The name "Billy Wynt" is an anglicisation of the Welsh Glamorganshire dialect word "Bili Wynt" meaning "windmill".

===Y Pwysty===
‘Y Pwysty’ the weighing house, was located on this site since medieval times. Once known as The Angel Inn, it was at Y Pwysty that the weight of goods were regulated at the markets and fairs held in the town.

=== The Royal Mint ===
The Royal Mint, which produces all British coins, moved from London to Llantrisant in 1967 in order to meet demand when the UK converted to decimal currency. In addition to British coins, the Royal Mint produces circulating coins for approximately 60 countries, as well as medals, bullion coins and bars. The Royal Mint also attracts tourists to Llantrisant to The Royal Mint Experience and the Royal Mint Museum which runs events and exhibitions around topics of interest.

==Environment==
Llantrisant is typical of most locations in the South Wales region, being home to typical upland habitat birds and mammals of the British Isles. The town also contains Llantrisant Common and Pastures, a 113 hectare Site of Special Scientific Interest, which is home to several rare plants.

==Transport==
Llantrisant is served by Pontyclun railway station three miles away, which was formerly known as Llantrisant railway station. Trains run by Transport for Wales call at the station.

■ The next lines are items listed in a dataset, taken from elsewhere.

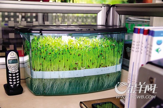 日前,记者走访珠江新城一家广告公司,看见茶水间的茶几上放着一个外形像金鱼缸的箱子,里面“种”着绿油油一片菜苗。“这是葵花子苗,市面上很少见,过两天就可以收割了。”该公司白领阿浩不无得意地说,他就是负责打理的“菜农”。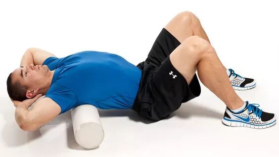 放松上背部,如果采用徒手按摩一定要在专业的康复师或者理疗老师指导下操作。也可以采用泡沫轴来自我放松,仰卧上背部在泡沫轴上,屈双膝,双手抱住头部后侧,前后滚动,直到放松上背部肌肉以及筋膜组织。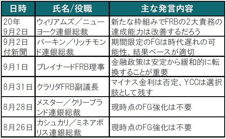 一方、主に長短金利の水準を操作すると理解されているYCCは、同じくクラリダ副議長のコメントにもあるように、現段階での導入の可能性は低いとしても、将来の導入は否定しないという声が多いようです。政策金利を低水準に据え置いても、長期金利が当局の想定以上に上昇した場合などのための選択肢の一つと考えているのかもしれません。ただ、すでに実施している無制限の国債購入はある意味事実上YCCとも言えなくはなく、バランスのとり方など課題もありそうです。

==Employment and economy==
The town is the home of the Royal Mint, which manufactures all British coins. The Royal Mint transferred to Llantrisant in 1967 and its attractions include the Mint's museum. The Mint employs around 900 people. A number of small, independent retailers have successfully found a home in Llantrisant Old Town. In addition to the Model House Craft & Design Centre, now well-established in a former 18th-century workhouse in the town centre, there is a village shop known as the Bullring Stores, a traditional toy shop with added vintage finds, galleries, pubs and restaurants.

The history of education in Llantrisant is firmly based in the varied religious institutions and Sunday School services which rapidly flourished between the 17th and 19th centuries. The Norman parish church was the starting point for the education movement, although it was one that would take a century or more to fully develop into a successful entity.

==Sport and leisure==
Sport flourished in Llantrisant for centuries and the remains of a Welsh Handball court dating from the 1790s, stands at the rear of the Workingmen's Club. Llantrisant is also known as the home of Llantrisant Rugby Union Club known locally as the Black Army.

===Llantrisant Male Choir===
The town is home to one of the very longest established male choirs in Wales. Established at least as early as 1898, the choir is a prolific touring choir having sung in the USA, Italy, Cyprus, Slovakia, Poland, France, Germany, Ireland, the Netherlands and Spain. They travel extensively in the UK supporting charity events and singing at concert engagements. The choir has appeared at many notable venues, including The Royal Albert Hall, The Santa Maria Maggiore, Wales Millennium Centre and the Hollywood Bowl. The choir has a wide-ranging membership drawn from all ages and social backgrounds. They sing a mix of music from traditional choral classics, Welsh hymns and modern pop music.

==Notable people==
See :Category:People from Llantrisant

- Sir Leoline Jenkins, politician and judge
- William Price lived in the town.
- Andrew Bishop, Bradley Davies and Scott Andrews, Wales' international rugby union players.

===Freemen of Llantrisant===
- Sir David Evans: Lord Mayor of London in 1891
- Sir Cennydd George Traherne: Late Lord Lieutenant of Glamorgan 17 May 1935.
- Sir Brandon Meredith Rhys Williams: Late Conservative Politician

== Twin towns ==
Llantrisant has a twinning arrangement with Crécy-en-Ponthieu, France, since 2015.